Au Québec, il existe non pas une, non pas deux, mais... 34 associations de massothérapie! Une véritable jungle, où l'on trouve bien sûr de nombreux praticiens compétents, mais où des proxénètes et des charlatans profitent du fouillis pour s'en mettre plein les poches.

Mis à jour le 18 nov. 2013
Isabelle Hachey LA PRESSE

Parmi ces 34 associations, une seule réclame la création d'un ordre professionnel pour encadrer la pratique. Établie depuis 35 ans, respectée dans le monde de la santé, la Fédération québécoise des massothérapeutes (FQM) lance aujourd'hui un site d'information (OnVeutDeLOrdre.org) pour faire valoir son point de vue, âprement contesté au sein même de la profession.

En l'absence de réglementation, n'importe qui peut se proclamer massothérapeute au Québec sans avoir les compétences ni l'encadrement nécessaires pour offrir des soins sécuritaires et adaptés à la santé des gens, explique Sylvie Bédard, directrice générale de la FQM. «La création d'un ordre professionnel permettrait enfin de mettre un peu d'ordre, justement, dans tout ce bric-à-brac.»

Doté de pouvoirs d'enquête, un ordre professionnel pourrait non seulement sanctionner les massothérapeutes fautifs, mais aussi éradiquer les faux salons de massage qui prodiguent en fait des services sexuels aux clients.

Les massothérapeutes ont tout intérêt à faire le ménage avant que les municipalités n'adoptent des mesures pour freiner la prolifération de ces faux salons, estime Mme Bédard. «Dans l'arrondissement de Villeray-Saint-Michel-Parc-Extension, on a limité le nombre de commerces de soins personnels. On les comprend, ça pullule de salons de massage érotique!
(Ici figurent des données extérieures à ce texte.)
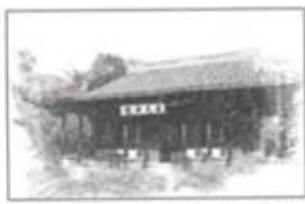
图3 湖州安定书院(想象图)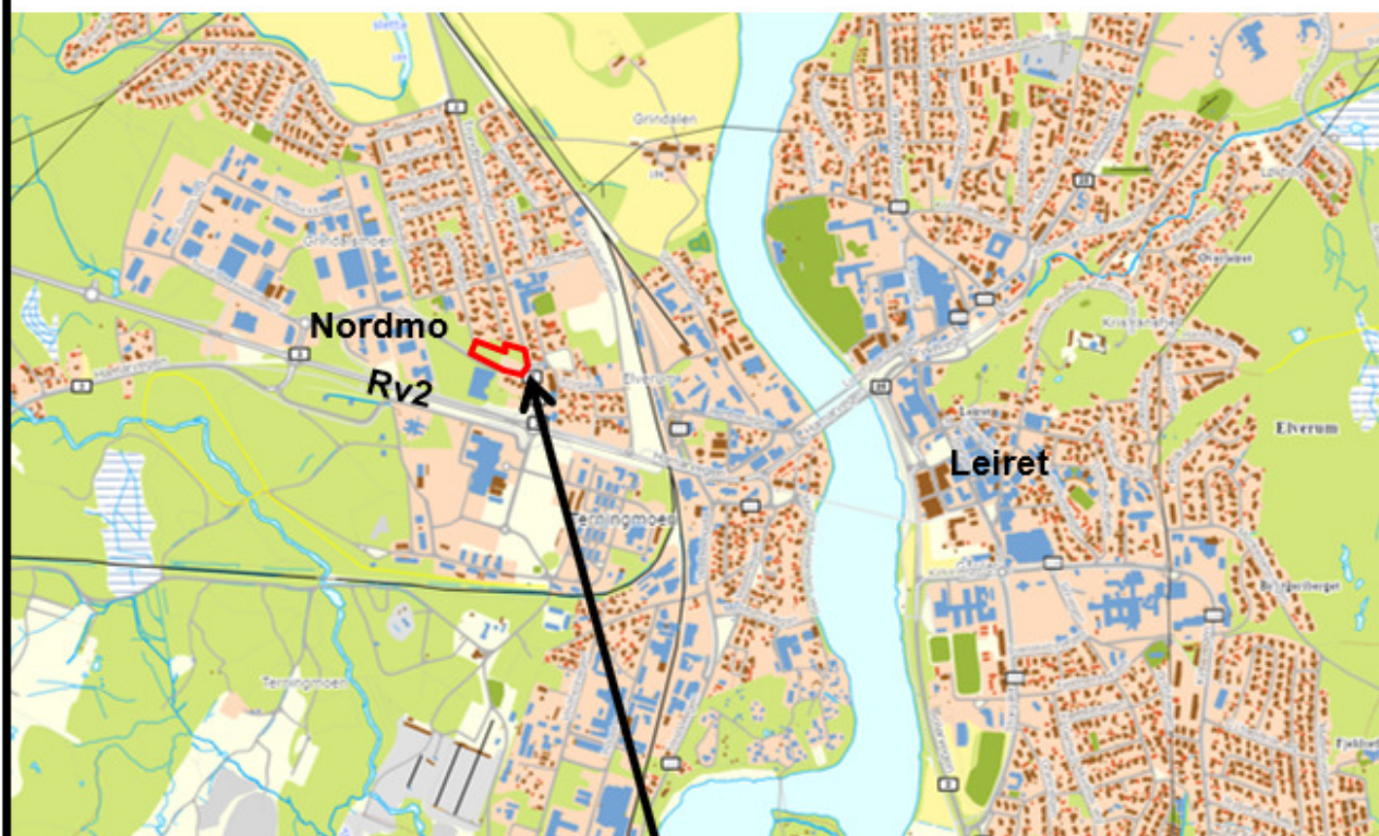
Oversiktskart som viser planområdet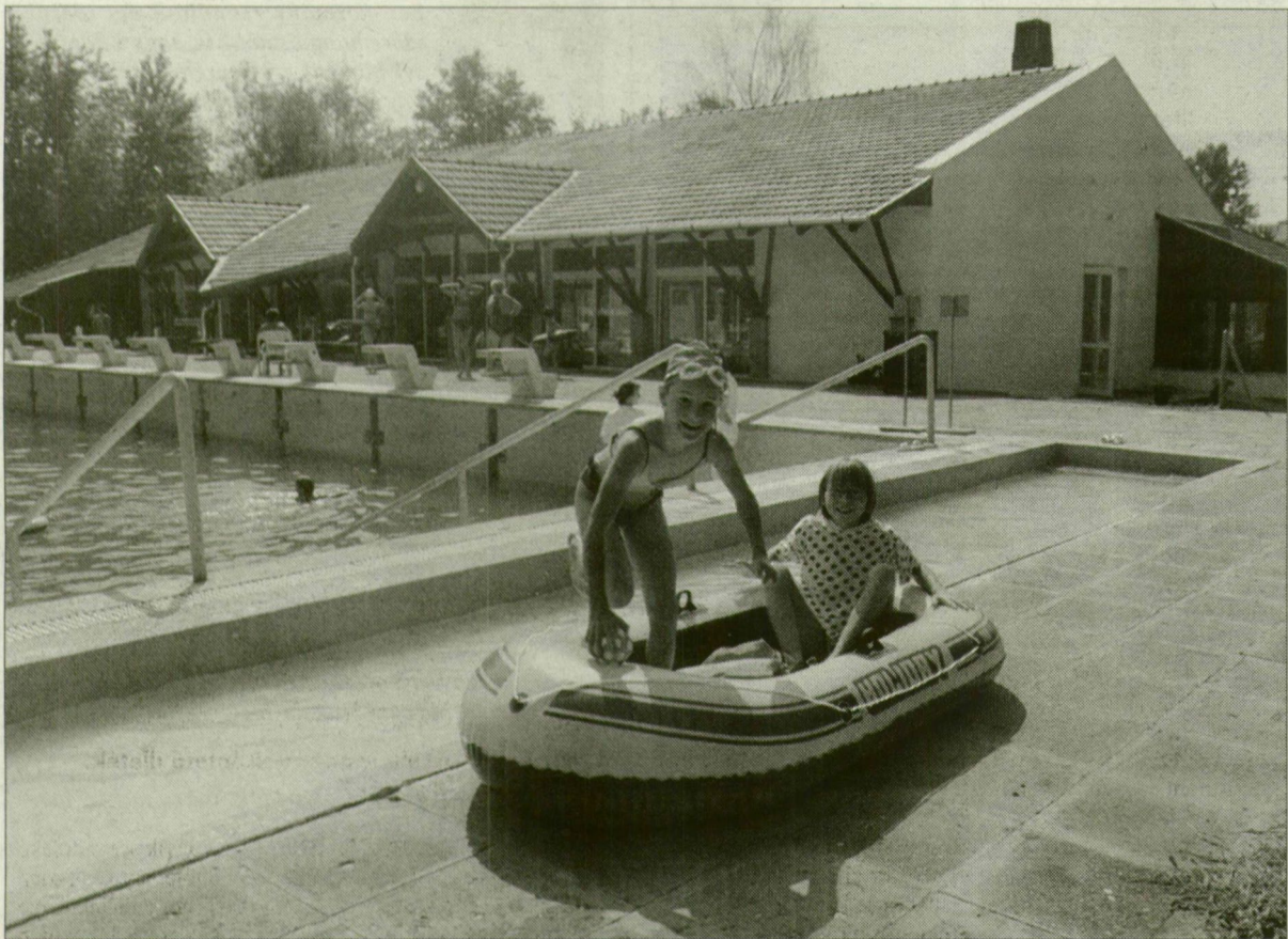
A medencébe vízforgatót építenek.

A mórahalmi városi fürdő fölüjtését és bővítését 82,5 millió forinttal segíti a Gazdasági Minisztérium. A Széchenyi-terv egészség-turizmus-pályázatán nyert pénzből, valamint Phare-támogatásból és önerőből fedezik a 320 millió forintos rekonstrukció költségeit.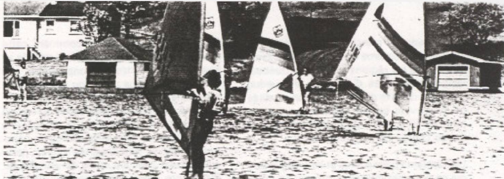
Les facteurs qui concourent au processus de contre-urbanisation dans les municipalités de villégiature relèvent plus de ce qu'on appelle la qualité de vie.

La contre-urbanisation, un phénomène temporaire? Les problèmes économiques, le coût de l'essence par exemple, peuvent-ils freiner cette tendance? A première vue, c'est un changement migratoire qui semble avoir des bases solides et qui pourrait bien se poursuivre; c'est un phénomène dont les aspects restent à approfondir.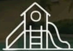
Áreas de recreación infantil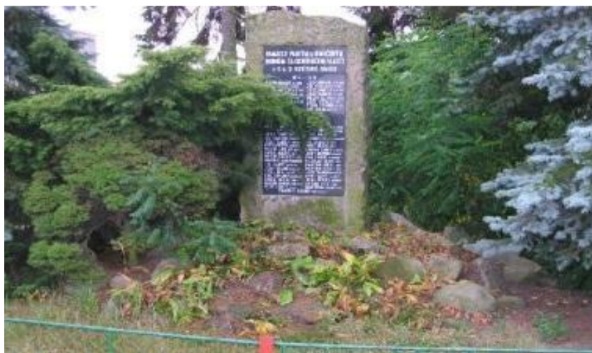
Pomník v obci Ledce na památku 34 občanů, kteří padli v boji

Mais ce genre de mesures risque de faire très mal à notre profession.»

Pour le moment, toutefois, Québec refuse de suivre l'exemple de l'Ontario, de Terre-Neuve-et-Labrador et de la Colombie-Britannique en encadrant la profession. «Avant de créer un ordre, il faut d'abord prouver qu'un massage peut porter un préjudice sévère au client s'il est mal effectué. Ce n'est pas fait», explique Lucie Boissonneault, de l'Office des professions du Québec.

«Il n'y en a pas, de problème, c'est sécuritaire», assure pour sa part Martin Vallée, président de l'Association professionnelle des massothérapeutes spécialisés du Québec. «Nous croyons à l'autorégulation du milieu. Le mandat d'un ordre professionnel, c'est de protéger le public. Or, il n'y a pas de danger imminent à recevoir un soin en massothérapie!»

La FQM juge au contraire que les Québécois s'exposent à de graves dangers en consultant un massothérapeute incompétent pour soulager leurs douleurs. «Une pression non adaptée sur des zones d'inflammation ne tuera pas un patient, mais ça le forcera à augmenter sa médication, dit Mme Bédard. Et que dire d'un massothérapeute qui raconte à un cancéreux que ses traitements de chimio, ça fait l'effet d'une bombe dans son corps?»